We did a single pass through where we replaced 14 pairs (the (101,32) pair) and thus reduced our tokens from 489 - 14 to get 475.

In [15]:
def get_stats(ids):
    counts = {}
    for pair in zip(ids, ids[1:]): # A pythonic way to iterate consecutive elements in parallel
        counts[pair] = counts.get(pair, 0) + 1
    return counts

def merge(ids, pair, idx):
    # in the list of ints (ids), replace all consecutive occurences of pair with the new token idx
    newids = []
    i = 0
    while i < len(ids):
        # if we are not at the very last position AND the pair matches, replace it
        if i < len(ids) - 1 and ids[i] == pair[0] and ids[i+1] == pair[1]:
            newids.append(idx)
            i += 2 
        else:
            newids.append(ids[i])
            i += 1
    return newids

# ---
vocab_size = 276 # our desired final vocab size for this example
num_merges = vocab_size - 256
ids = list(tokens) # makes a copy so we don't destroy the original list

merges = {} # (int, int) -> int | child1, child2 merges
for i in range(num_merges):
    stats = get_stats(ids)
    pair = max(stats, key=stats.get)
    idx = 256 + i
    print(f"merging {pair} into new token {idx}")
    ids = merge(ids, pair, idx)
    merges[pair] = idx

merging (101, 32) into new token 256
merging (32, 111) into new token 257
merging (100, 32) into new token 258
merging (105, 110) into new token 259
merging (99, 111) into new token 260
merging (114, 32) into new token 261
merging (97, 110) into new token 262
merging (116, 104) into new token 263
merging (97, 116) into new token 264
merging (115, 32) into new token 265
merging (262, 258) into new token 266
merging (101, 110) into new token 267
merging (260, 100) into new token 268
merging (259, 103) into new token 269
merging (116, 32) into new token 270
merging (116, 111) into new token 271
merging (112, 114) into new token 272
merging (257, 102) into new token 273
merging (258, 98) into new token 274
merging (101, 108) into new token 275


Notice that even our newly minted tokens are, in turn, eligible for merging as we continue to interate through. 

In [16]:
print("tokens length:", len(tokens))
print("ids length:", len(ids))
print(f"compression ratio: {len(tokens) / len(ids):.2f}X")

tokens length: 489
ids length: 362
compression ratio: 1.35X


It's important to remember that a tokenizer is a completely seperate & independent module from the LLM itself.

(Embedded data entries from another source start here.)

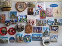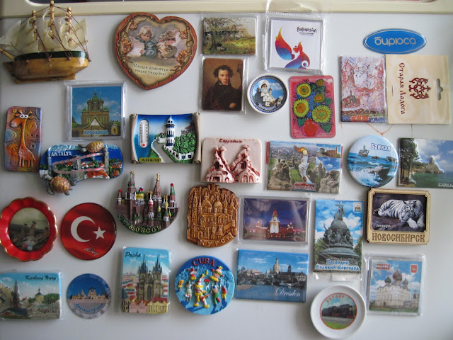 Так как коллекция жирафов пополняется медленно, а в дом нести хочется и хочется, то решила я собирать магниты и тарелочки разных городов и стран. Сама я уже 10 лет никуда не езжу, поэтому помогли собирать коллекцию опять же подруги по форуму. Кто-то присылал сувениры своего города, а кто-то привозил и из поездок. Самые дорогие и любимые подружки даже просили своих друзей привезти для меня сувениры. В результате всей этой деятельности коллекция начала расти и разрастаться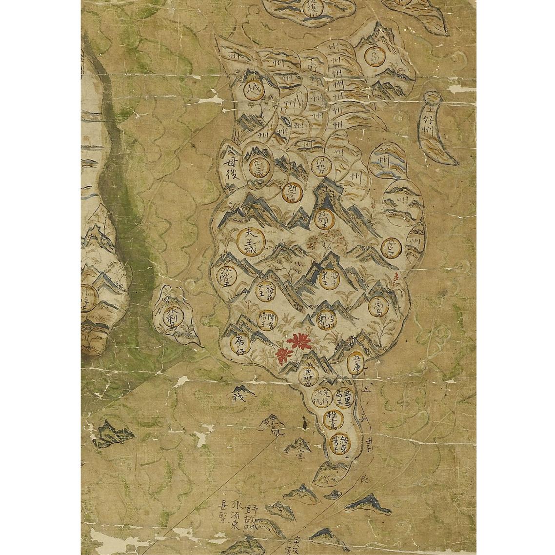泛黃的圖紙上畫有中國、臺灣、日本、朝鮮、菲律賓及東南亞島嶼,上頭以漢字標示地名與圖說,並繪有山脈、河流、各種植物,甚至還可見到萬里長城。地圖乍看有中國山水畫的影子,但其陸地形狀與比例大小卻類似現代地圖。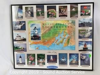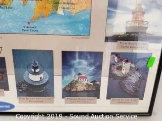 Item Description: Rhode Island lighthouses 27" x 21", vintage saw mill etching 13" x 14", postcard print 20" x 20", 12" x 12", 11" x 11", 9" x 9", and others.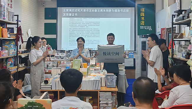 為進(jìn)一步培育書香文化,營造一個熱愛閱讀、積極開口朗讀的良好氛圍,市聾協(xié)與福蔭書店共同掛牌成立了“悅讀空間”聽障賦能誦讀基地。市聾協(xié)主席卜欣欣、副主席朱明靜、書店負(fù)責(zé)人為“悅讀空間”、“愛心助殘單位”揭牌。來自南開大學(xué)的“語伴”大學(xué)生志愿者團(tuán)隊伴隨聽障朋友開啟天籟之門,協(xié)助聽障朋友康復(fù)口語表達(dá)能力。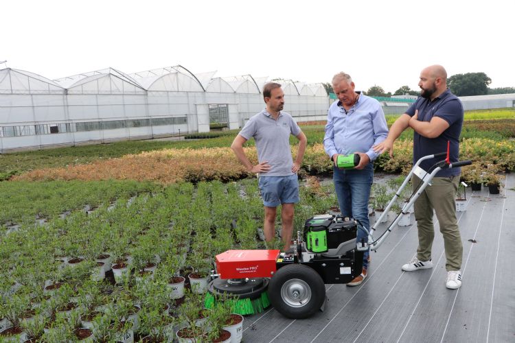 De Nolf streeft ernaar om onkruid niet met bestrijdingsmiddelen te lijf te gaan. 'Op het moment dat er vuil of aarde op het gronddoek komt, ontstaat er onkruid op het doek en in de potten. Belangrijk is om op dag één met een perfecte omgeving te starten en het doek gedurende het jaar schoon te houden. Daarom is het voor ons belangrijk om propere doeken te hebben en de reinigingsmachine van Terrazza te gebruiken. Deze zetten we al een aantal jaren in om onze containervelden te reinigen, en we hechten veel belang aan het welzijn van onze werkmensen. En de machine van Terrazza verlicht en versnelt het werk en reinigt heel goed.'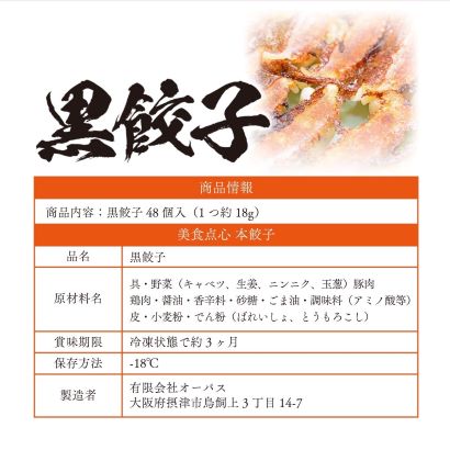 | 内容量 | 約1728g(海老餃子1個あたり 約18g、黒餃子1個あたり 18g) |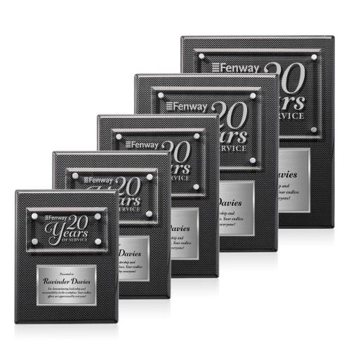 Celebrate exceptional achievements with the distinguished Woodward Plaque, a symbol of recognition that uniquely blends sophistication with modern design. This plaque features a beveled Starfire Crystal, impeccably clear and offset against a robust piano-finished carbon fiber backing that exudes an air of contemporary elegance. A two-tone, brushed and polished silver double plate underlines the plaque's premium aesthetic, offering ample space for personalized engraving to commemorate milestones or honor individuals. Crafted from high-quality glass and shaped into a classic rectangle, this award stands as a testament to professional excellence and personal milestones alike, ensuring it resonates with the recepient's pride and the audience's admiration.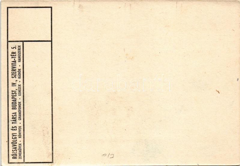 Rózsavölgyi és Társa zeneművek, könyvek, rádiók, hangszerek, gramofono... https://www.darabanth.com/hu/482-Gyorsarveres/482.0/Kepeslapok/Reklam~2000085/Rozsavolgyi-es-Tarsa-zenemuvek-konyvek-radiok-hangszerek-gramofonok-es-lemezek-Szervita-ter~II3295445

It has its own training dataset/corpus which, in turn, can be completely different than the dataset/corpus used to train the model. Later on the LLM only ever sees the BPE tokens and never deals directly with any text. 

## Decoding

Given a sequence of integers in the range [0, vocab_size], what is the text? 

In [17]:
vocab = {idx: bytes([idx]) for idx in range(256)}
for (p0, p1), idx in merges.items():
    vocab[idx] = vocab[p0] + vocab[p1] # adding two byte-objects together, concat

def decode(ids):
    # given ids (list of integers), returns a Python string
    tokens = b"".join(vocab[idx] for idx in ids)
    text = tokens.decode("utf-8")
    return text

We want to be careful with this current decode implementation. It can throw an error when we pass in `128` for decoding 

In [18]:
vocab = {idx: bytes([idx]) for idx in range(256)}
for (p0, p1), idx in merges.items():
    vocab[idx] = vocab[p0] + vocab[p1] # adding two byte-objects together, concat

def decode(ids):
    # given ids (list of integers), returns a Python string
    tokens = b"".join(vocab[idx] for idx in ids)
    text = tokens.decode("utf-8")
    return text

print(decode([128]))

UnicodeDecodeError: 'utf-8' codec can't decode byte 0x80 in position 0: invalid start byte

In [19]:
vocab = {idx: bytes([idx]) for idx in range(256)}
for (p0, p1), idx in merges.items():
    vocab[idx] = vocab[p0] + vocab[p1] # adding two byte-objects together, concat

def decode(ids):
    # given ids (list of integers), returns a Python string
    tokens = b"".join(vocab[idx] for idx in ids)
    text = tokens.decode("utf-8", errors='replace') # this is how we address the potential for decode errors
    return text

print(decode([128]))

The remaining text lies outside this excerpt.